# How to buy a holiday flat in dubai?



## kingrulzuk (Jan 19, 2010)

Hiya im brittish cittizen 
i was in dubai last month and i love it 
i wud like to buy a 1bed or a studio flat over here
how do i buy one or wht the process of buying a home in dubai
im a avg class worker and i do have some savings
so any help wud be nice
thanks for ur time


----------



## Maz25 (Jul 6, 2008)

What is your main reason for wanting to buy an apartment in Dubai? On the basis that you are not a resident, then I would advise that you do a search on the forum and understand the key issues that you would need to deal with.

With respect to your query, you would effectively need to obtain a mortgage (as with UK properties) and purchase the property, either off plan or go for a finished property. I am not sure whether you can get a mortgage in the UAE as you are not a resident but you would typically need 20 - 30% of the property value as a deposit. 

Please use a lawyer before you enter into any formal agreement - the law is very ambiguous and if you do get it wrong, the law affords you very little protection. Research the area and particularly the maintenance fees - whilst property values have been plummeting, this has not stopped developers from increasing the service charges. You can simply go through an agent, who will show you property fitting your requirements but it is advisable that you view any property before making an offer. Importantly, the average life of a property is about 30 years and most will come with some sort of problem, be it cosmetic or structural, from the very first day! It is also very difficult to get the developer to fix latent defects. Patent defects are fixed on the basis that you point them out and ask for them to be fixed, else you are on your own!

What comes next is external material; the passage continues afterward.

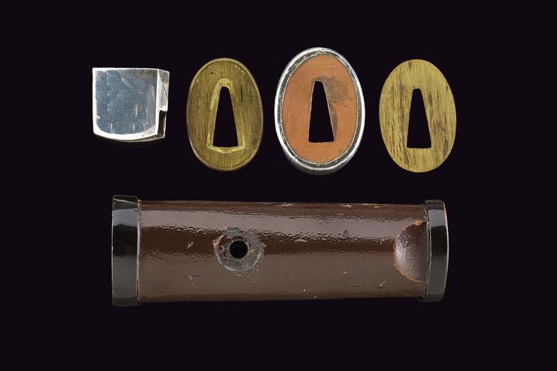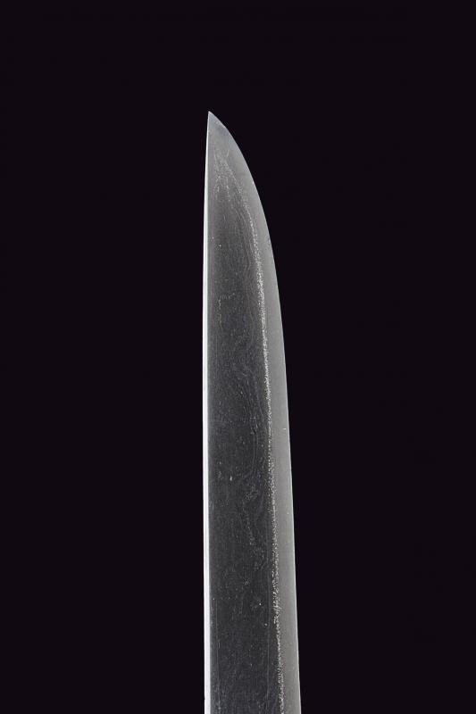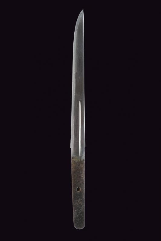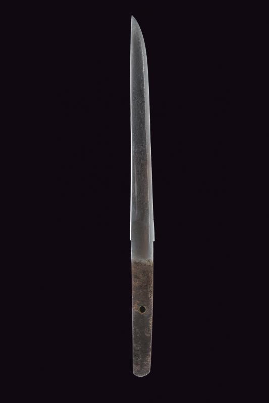 Nagasa (length: 17.6 cm). Hada: O Itame; Hamon: Suguha Nie Deki; Habaki in silver. Horimono: Hi. Nakago mei: Mori Tsugu; O-Machi Okuri Ha Agari Kurijiri, a mekugi-ana. Wooden koshirae, tsuba of brass with silver border. Saya with silver Kurigata shaped as a dragon's head and partially gilded horn Kashezuno decorated with a flower. Blade of late Kamakura period/early Muromachi.

Also, one point to note. You can no longer obtain a residence visa through the purchase of a property. Therefore, you will be reliant of tourist visas to visit your property for any length of time.


----------



## Maz25 (Jul 6, 2008)

Out of curiosity, on the basis that you are looking for a holiday home, are you planning to finance the property outright or are you looking to rent it out to part-finance your mortgage repayments? If it is the latter, bear in mind that there is a massive over supply of property on the market and property prices keep plummeting, so that will affect any rental that you get.


----------



## Divebum (Apr 15, 2011)

Why would you want to buy a holiday home here????.? 
With the glut of hotels we have out here, for you to make financial sense you would have to a he'll of a lot of holidays out here on an annual basis to even come close to making it worth your while. 
The biggest piece of advice is, come put here on quite a few more visits and then decide I'd it's for you. The current Market out here is no longer an investment dream. Yes property prices have come down, but if you only intend to spend 2or 3 weeks here per year, you would be throwing your well earned money away.


----------



## ash_ak (Jan 22, 2011)

he is probably thinking with the crash in prices, he can invest now and hopefully expect the prices to go up in a few years. I am assuming prices will go up in 5 years atleast from what they are now.


----------



## Jumeirah Jim (Jan 24, 2011)

You should only buy here if it's DIRT cheap and in a good established area. Certainly don't consider anything off plan or in an "up and coming" (ie desert for the next 20 years) area..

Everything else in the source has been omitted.